This Nova work should be small enough to be done as a specless Nova blueprint https://blueprints.launchpad.net/nova/+spec/support-vfio-variant-driver-managed-mode-via-cyborg

Future evolution

Live migration support for VFIO variant driver devices is intentionally out of scope for this cycle. The design is intended to be evolvable for that work. Possible future extensions include additional PCI attach-handle metadata such as live_migratable or migration-specific device capabilities. Those extensions should either use the same generic attach-handle metadata approach or introduce a generic metadata storage model rather than adding one-column-per-driver or one-column-per-attach-type schema.

Alternatives

Add a top-level ARQ field for managed

This would make the API field more explicit, but managed is a property of the PCI attach handle rather than of the accelerator request itself. It also does not compose well with future attach-handle-specific metadata.

Add a dedicated database column to attach_handles

This is straightforward for this one field, but it creates a schema pattern where each attach-handle-type-specific option becomes a new database column. This spec prefers to defer a schema change until Cyborg needs a generic metadata model.

Add a generic attach-handle metadata table or JSON blob now

This is likely the right long-term shape if Cyborg needs to carry several attach-handle-specific attributes. However, this feature only needs one optional field and can be implemented using the existing attach_info JSON while preserving an API shape that can survive a future internal refactor.

Require all drivers to implement the field in one cycle

This would provide broader coverage, but it is not required for the initial VFIO variant driver use case. The Nova-side contract will be generic, and other Cyborg drivers can opt in later.

Data model impact

No database schema change is proposed.

The generic PCI driver will include managed in the existing AttachHandle.attach_info JSON when the value is configured.

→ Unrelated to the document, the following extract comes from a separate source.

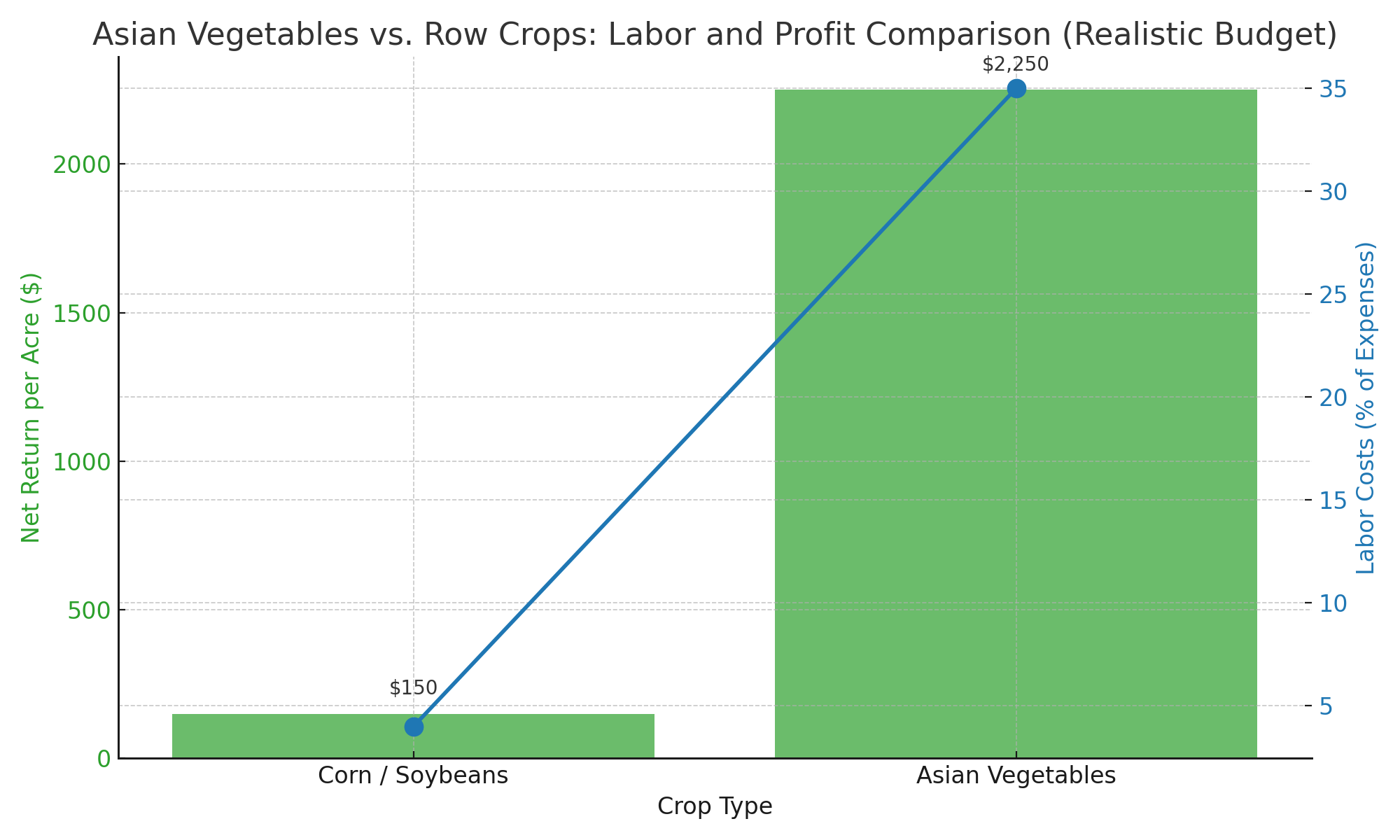 Compare that to row crops. Corn and soybeans follow a familiar rhythm: plant, spray, harvest, store. Systems are well-established. Asian vegetables demand more - but they also deliver more, if you have the right support.

Existing rows which lack the key remain valid. For the new API microversion, response serialization will default missing values to true for PCI attach handles.

The AttachHandle and DriverAttachHandle object versions may not need to change if the implementation only treats attach_info as an opaque JSON string. If implementation code adds helper properties or changes object fields, the relevant object versions must be bumped according to normal Cyborg object compatibility rules.

Changing managed for an existing attach handle changes how Nova should use that handle for future guest XML generation. Operators should not change this configuration for devices currently assigned to guests. The implementation should document whether a service restart, rediscovery, or attach handle recreation is required for changed configuration to be reflected in stored attach_info.

REST API impact

A new Cyborg API microversion will be added. Assuming the current maximum microversion is 2.3, this spec proposes 2.4.

The changed API response is the ARQ representation returned by:

  • GET /accelerator/v2/accelerator_requests/{uuid}

  • GET /accelerator/v2/accelerator_requests?instance=<uuid>& bind_state=resolved

  • POST /accelerator/v2/accelerator_requests when the returned ARQs are already bound by a later flow is not expected, but the ARQ schema is common.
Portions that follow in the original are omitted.